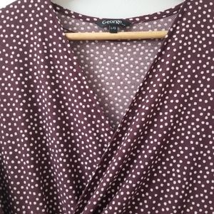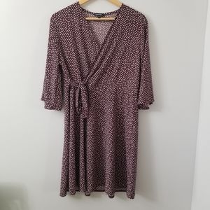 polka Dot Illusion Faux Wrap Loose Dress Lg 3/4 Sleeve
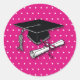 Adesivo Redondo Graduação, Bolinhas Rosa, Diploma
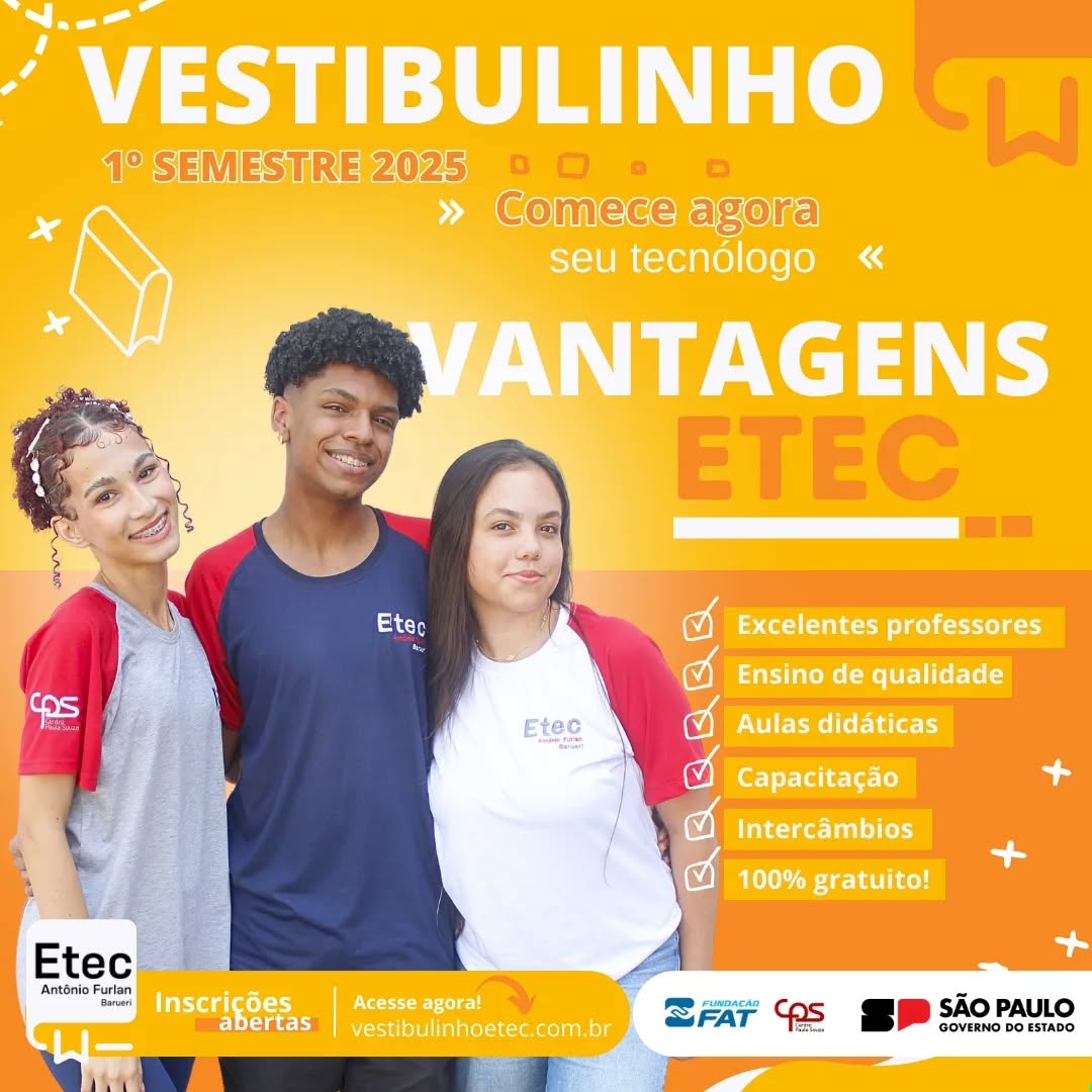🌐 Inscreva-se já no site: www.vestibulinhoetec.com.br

* Instructions for the task *
Beginning with the line that holds "Adesivo Redondo Graduação, Bolinhas" and ending with the last line of the material above, extract every line exactly, pictures excluded.

* Result for this exercise *
 Adesivo Redondo Graduação, Bolinhas Rosa, Diploma
🌐 Inscreva-se já no site: www.vestibulinhoetec.com.br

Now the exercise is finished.